# Math 170: Chapters 1 - 3 Study Guide

1. Identify whether descriptive or inferential statistics has been used. Three parts. Look at problem 1.6.
2. Identify the level of measurement (nominal, ordinal, interval, or ratio) which has been used. Three parts. Look at problem 1.7.
3. Identify each type of sampling as random, cluster, convenience, stratified, or systematic. Three parts. Look at problem 1.12.
4. Find the class boundaries, class midpoint, and class width for a given interval. Look at problem 2.3.
5. Create a stem and leaf plot. Look at problems 2.57 through 2.59.

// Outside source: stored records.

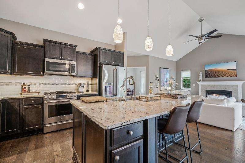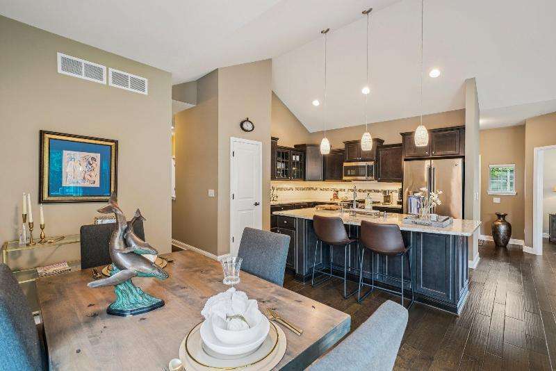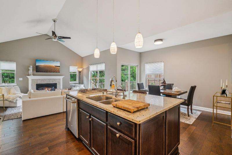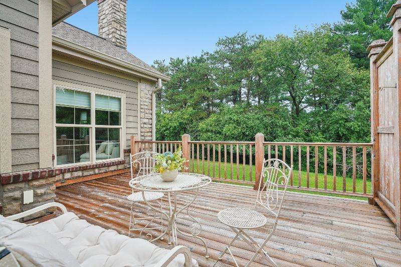 Exceptionally designed open-plan Oconomowoc ranch condo w/wooded conservancy views from the private deck-large enough to relax & dine al fresco. Sunlight pours through skylights illuminating the vaulted great room w/gas fireplace, seamlessly connected to the dining room & a culinary-inspired kitchen featuring high-end appliances, stylish tile, pantry & large custom island. Gorgeous hardwood floors span the main level, which also offers a versatile den/office. The spacious primary suite has an ensuite BA, while the 2nd bedroom enjoys a nearby full BA. Convenient main floor laundry. Lower level features 9 ft ceilings, family room, office/exercise space, 3rd bedroom & 3rd full BA. Attached 2-car garage. The Glenn amenities just steps away include a clubhouse, outdoor pool & fitness room.
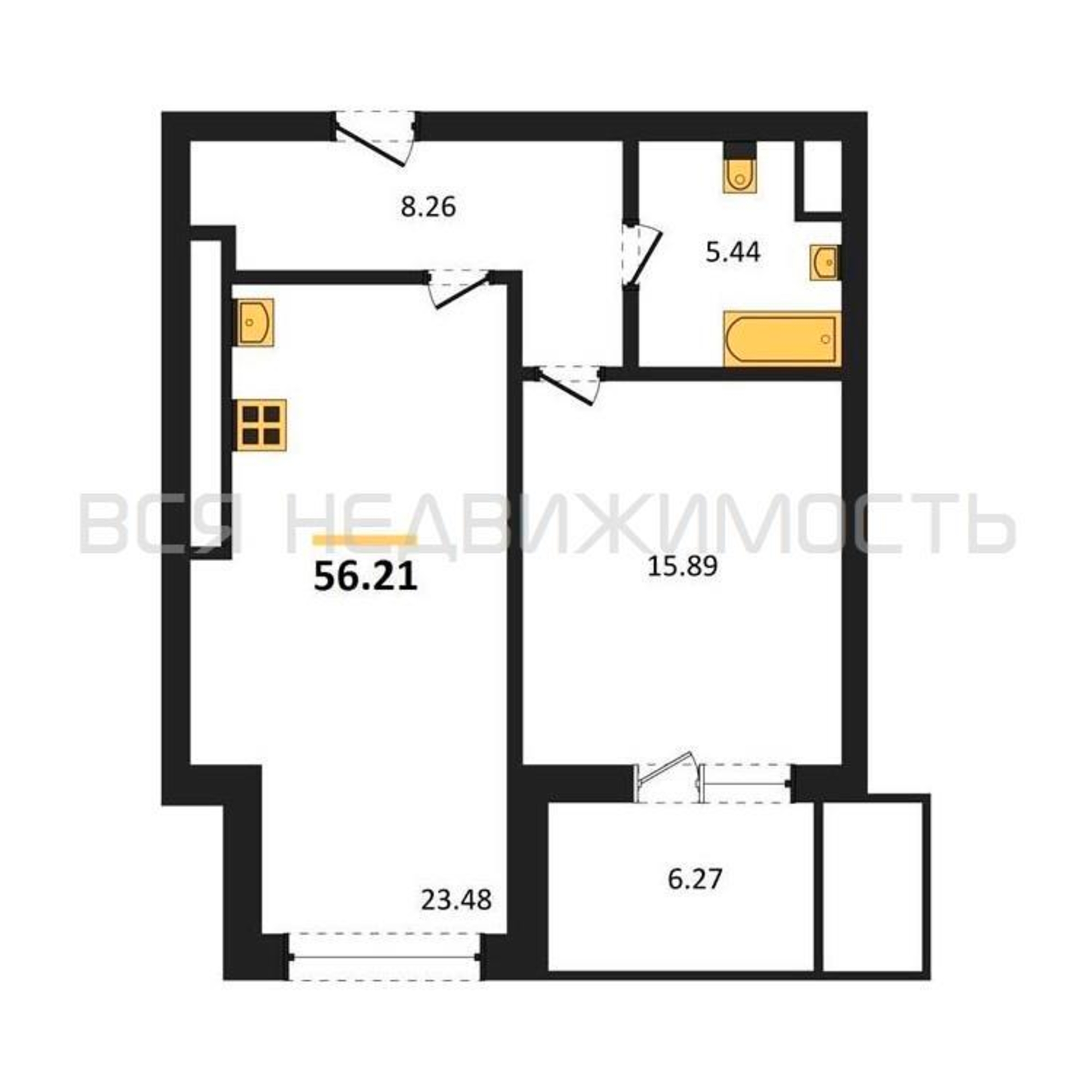 1-комнатная квартира, 56.21 м² 2/9 этаж ID объекта 100094301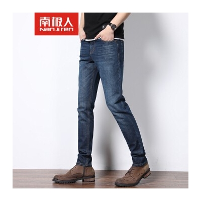 南极人牛仔裤男简约男士中腰棉质百搭休闲牛仔裤长裤 853蓝黑
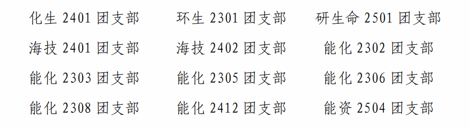 根据《关于开展共青团大连理工大学委员会2025年度“两优一先”评选活动的通知》的要求,化工海洋与生命学院团委拟推荐本单位于舒涵等95名同学作为2025年度“大连理工大学优秀团员”推荐人选,于亚琳等24名同学作为2025年度“大连理工大学优秀团干部”推荐人选,化生2401团支部等12个团支部作为2025年度“大连理工大学先进团支部”推荐集体。推荐名单(按姓氏笔划排序)如下:

6. Find the mean (can use the calculator for the mean), median, and modal class for a frequency distribution. Look at problems 3.12 through 3.21.
7. For a sample set, find some statistics. Eight parts. The statistics may be: mean*, standard deviation*, variance, minimum*, maximum*, median*, 1st quartile*, 3rd quartile*, range, lower hinge, upper hinge, midrange, mode. The *'d problems can be found directly using the calculator.
8. Know which statistics involve all the data values. Multiple choice. You should know the mean, standard deviation, and variance do; the median, midrange, mode, and range don't.
9. Know which statistics are greatly affected by extreme values. Multiple choice. You should know the mean, standard deviation, variance, midrange, and range are; the median and mode aren't.
10. Supply the term which best matches the definition. Eight parts. You should know the definitions of: (chapter 1) population, sample, variable; (chapter 2) histogram, ogive; (chapter 3) empirical rule, five-number summary, median, midrange, mode, outlier, parameter, standard deviation, statistic, variance.
11. Know how to calculate the unbiased estimator for the population variance using the shortcut formula (not the calculator shortcut).
Some of the problems say to look at specific problems in the text. In these cases, the problem on the test is one of the problems stated, or one or more parts of the problem stated.

Last updated: Tuesday, June 11, 1996 at 2:43 am